Меч князя Буй-тура (СИ)
— А я — мент, — сонно огрызнулся Реутов, выбираясь из-под одеяла, чтобы дотянуться до мобильника. — Опять заводишь волынку! Тут и без тебя тошно: спать хочется и голова раскалывается…
— Пить надо меньше, — словно ждала именно этот ответ, уязвила супруга с какой-то внутренней радостью, по-видимому, испытывая душевное удовлетворение.
Но Реутов оставил колкую реплику без ответа, лишь мрачно «мазнул» семейную половину взглядом еще мутных спросонья глаз.
— Что стряслось? — отыскав среди своей одежды мобильный телефон, недовольно пророкотал в невидимую за кнопочками и экраном мембрану, тогда как стационарный по-прежнему оглашал комнату звонким дребезжанием. — Неужели мировой пожар?
Повисла пауза, заполненная лишь звуком зуммера стационарного телефона.
— Где?! — после небольшой паузы переспросил он уже не столь сонным, но по-прежнему недовольным голосом. И в полной тишине — стационарный телефон наконец-то замолк — вполне осознанно и буднично добавил после первого довольно раздражительного вопроса: — Объясняй толком.

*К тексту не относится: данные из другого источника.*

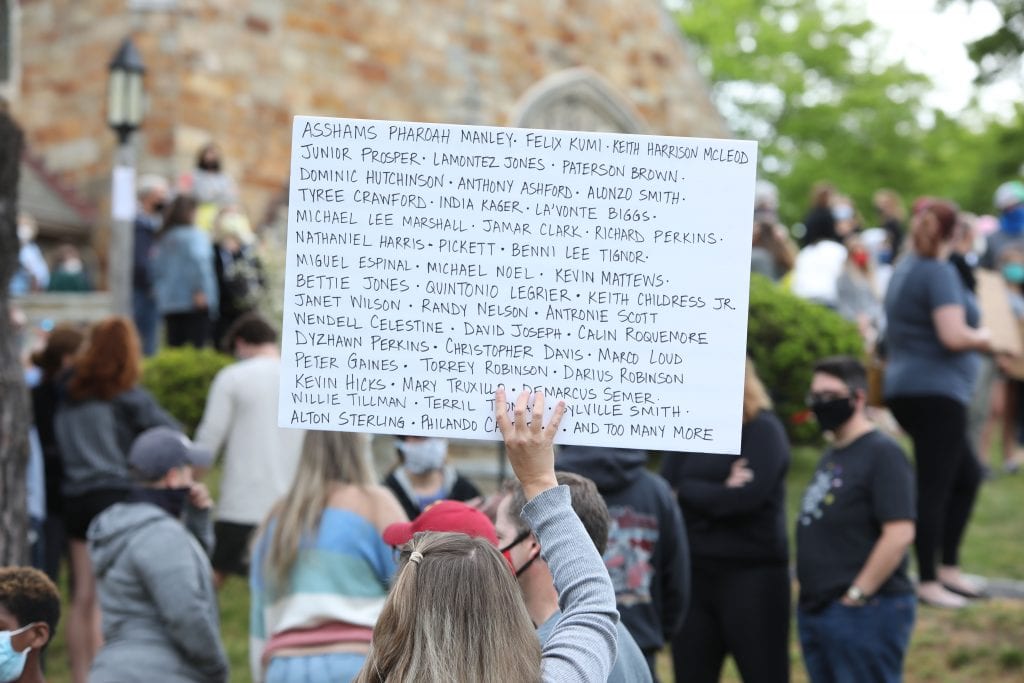 The event began with inspiring remarks from Reverend Tim Schenck, Rector at St. John’s Church. It concluded with eight minutes and 46 seconds of silence to mark the time when the late George Floyd was pinned to the ground by a Minnesota Police Officer. Prior to the period of silence, Rev. Schenck reminded attendees that at the conclusion of the event “what will just begin will be our work, our continuing work, for justice.”

По-видимому, оперативный дежурный что-то пояснил, так как супруга Реутова, поневоле начавшая прислушиваться к разговору мужа с невидимым собеседником, услышала мужнино удивленное: «Не может быть!», а затем: «Сейчас буду».
— Ну, утро в дурдоме началось, — констатировала супруга предстоящий уход мужа на службу. — Не успело солнце подняться над горизонтом, а сумасшедший дом уже во всей красе: тут тебе и трупы, и ограбления. Веселись, народ, новый день идет!
Хоть муж и не сказал ей, что его «выдергивают» из постели в связи с очередным убийством и ограблением, она и так, по тому тону, каким говорил супруг, поняла, что произошло убийство или ограбление… опять же связанное с убийством. Да и жизненный опыт это же подсказывал. После того как муж стал «большим» начальником, его по пустякам уже не беспокоили. Не то, что раньше, когда он был всего лишь простым опером. Тогда чуть ли не по каждому чоху среди ночи поднимали. Теперь же только по особо тяжким да по общественно значимым. Правда, и таких в постперестроечные времена, как любят величать текущий период журналисты и политики, хватало с лихвой.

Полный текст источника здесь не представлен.